» What is expected
Reproduce word for word the lines of the listing from the first one through the one with "Praktinėje dalyje mokiniai", omitting every picture.

[[ Input data open ]]

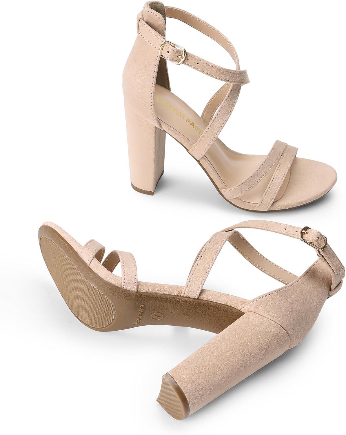 DREAM PAIRS Womens Chunky Heels 4 inch High Multi Strap Soft Comfort Block Heeled Sandals for Prom Dancing Wedding(Nude)
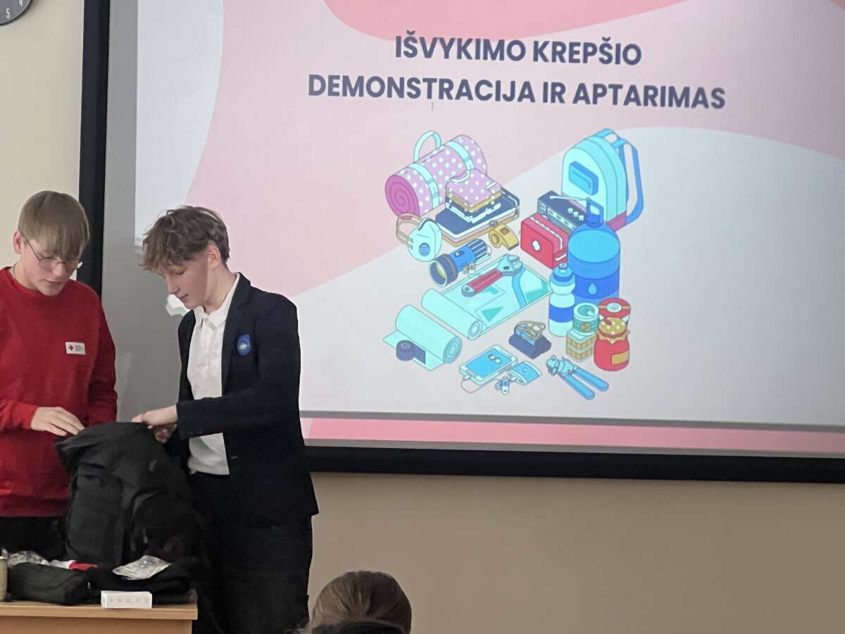 Praktinėje dalyje mokiniai turėjo galimybę apžiūrėti tikrą išvykimo krepšį, išbandyti jo turinį, aptarti, kam skirtas kiekvienas daiktas ir kodėl jis svarbus. Tokia patirtis leido ne tik išgirsti teoriją, bet ir realiai suprasti pasirengimo svarbą.
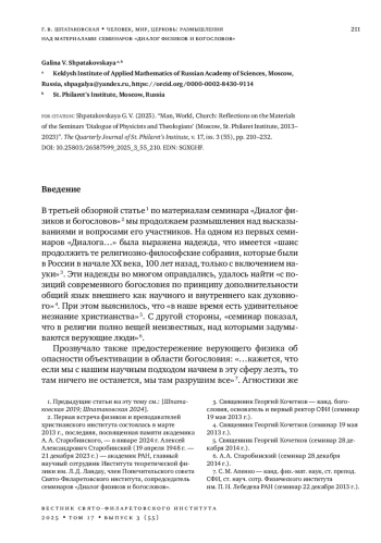В третьей обзорной статье 1 по материалам семинара «Диалог физиков и богословов» 2 мы продолжаем размышления над высказываниями и вопросами его участников. На одном из первых семинаров «Диалога…» была выражена надежда, что имеется «шанс продолжить те религиозно-философские собрания, которые были в России в начале XX века, 100 лет назад, только с включением науки» 3. Эти надежды во многом оправдались, удалось найти «с позиций современного богословия по принципу дополнительности общий язык внешнего как научного и внутреннего как духовного» 4. При этом выяснилось, что «в наше время есть удивительное незнание христианства» 5. С другой стороны, «семинар показал, что в религии полно вещей неизвестных, над которыми задумываются верующие люди» 6.

[[ Input data closed ]]

» Exercise response
 DREAM PAIRS Womens Chunky Heels 4 inch High Multi Strap Soft Comfort Block Heeled Sandals for Prom Dancing Wedding(Nude)
 Praktinėje dalyje mokiniai turėjo galimybę apžiūrėti tikrą išvykimo krepšį, išbandyti jo turinį, aptarti, kam skirtas kiekvienas daiktas ir kodėl jis svarbus. Tokia patirtis leido ne tik išgirsti teoriją, bet ir realiai suprasti pasirengimo svarbą.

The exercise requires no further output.